I
was watching The Girl the other night
and something Hitchcock said to Tippi Hedren has stuck with me. I can’t stop
thinking about, even days later, and how it plays to the vanity of Hitchcock
(specifically) and writers (in general).
In
the scene where Tippi (played by Sienna
Miller) and Hitchcock (played by Toby Jones) discuss her character’s motivation
for going into the attic alone, knowing there would be birds there, (they were
filming The Birds at the time). Tippi asked, “Why would Melanie go into that
attic all alone?”
Hitchcock
replied, “Because I want her to.”
Because I want her to.
While
a cinematic genius like Hitchcock might be able to get away with that, for a lowly
novelist like me, writing takes a bit more work. Just because I want my characters to do something, doesn’t
mean I should make them do it. There has to be a reason my characters do and say the things they do and it's my job to give them that reason.
It's called motivation.
Motivation
is what a writer weaves throughout a plot to bind it tight. Motivation is what
makes even the implausible seem possible. Even the most unlikely seem
inevitable. But what is it? A traumatic past? Money? Love? Revenge?
I
can’t simply decide I want my protagonist to rob a bank or rescue a bunch of
kids from a burning orphanage. There has to be a trigger that sets them on the
course. Are they days away from losing their home to foreclosure? Is their
child in need of a lifesaving operation and the insurance company refuses to
pay. Did they lose a loved one to a fire? Did they grow up in an orphanage
themselves?
These
are seeds from which future action grow and if you want your novel to feel real,
they must be planted. From these seeds should sprout a chain of events, fed on
emotion and tended by circumstance, that will inevitably lead your
protagonist to a place where the life-altering decisions they make are the only
ones that make sense.
Look at it this way...
If
a novel is a vehicle, then motivation is the fuel in the tank. It makes us move
and takes us places. Maybe even places we never had any intention of going.
Places we don't want to be... places we have a hard time visiting. If there's no
gas in the tank, that vehicle isn't moving. But if you put the wrong kind of
fuel in the tank then your vehicle breaks down completely. It becomes an undriveable hunk of crap that noboby wants to drive.
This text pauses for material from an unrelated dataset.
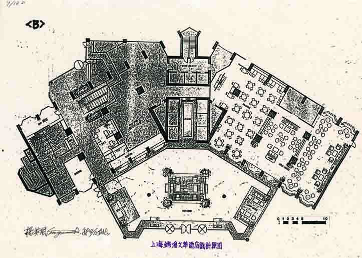 上海錦滄文華酒店為新加坡華聯銀行董事長連瀛洲計畫興建,並委託趙子安建築事務所承包大樓設計。楊英風當時在華聯銀行完成設置〔向前邁進〕景觀雕塑後,受連瀛洲的肯定,遂透過民間設計院副院長洪碧榮的牽引,希望與趙子安建築事務所合作,亦為大廳設計了巨雕壁畫與〔鳳翔〕景觀雕塑。然此案因故未完成。

Or read.
When
Hitchcock sent his character into that attic full of live, pissed off birds, he
wasn’t sending the character—he was
sending Hedren. He allowed his personal motivation to color the
actions of his character… and in doing so, changed the movie completely.
It was no longer about the story itself at all. It was about Hitchcock’s desire
to punish Hedren for finding him repulsive. In punishing Hedren, Hitchcock gave us a peek behind the curtain. Even though we may not have known it at the time,
we saw a writer at work and that is something your reader should never see.
The
stories we write should be seamless. Our characters
should be fully formed, with their own set of experiences that give their
choices weight and purpose and the conclusion those choices lead them to should
seem inevitable.
Anything
less would be a cheat—to myself as a writer and to people I write for.
2 comments:
Maegan,
What a wonderful post ~ you've made an excellent point. I watched the movie twice (which was difficult to do; not b/c it wasn't well done; the story itself was upsetting) and that line bothered me, too. I was saddened to learn that one of my idols of movie making treated an actress so poorly (I don't know how she handled so many takes on that attic scene).
Motivation is absolutely a requirement; Kurt Vonnegut said it well: "Every character should want something, even if it is only a glass of water.”
I really like your analogy of the novel and a vehicle ~ well done!
Thanks, Kathleen!
Vonnegut is right--whatever it is, there should be something that drives us all.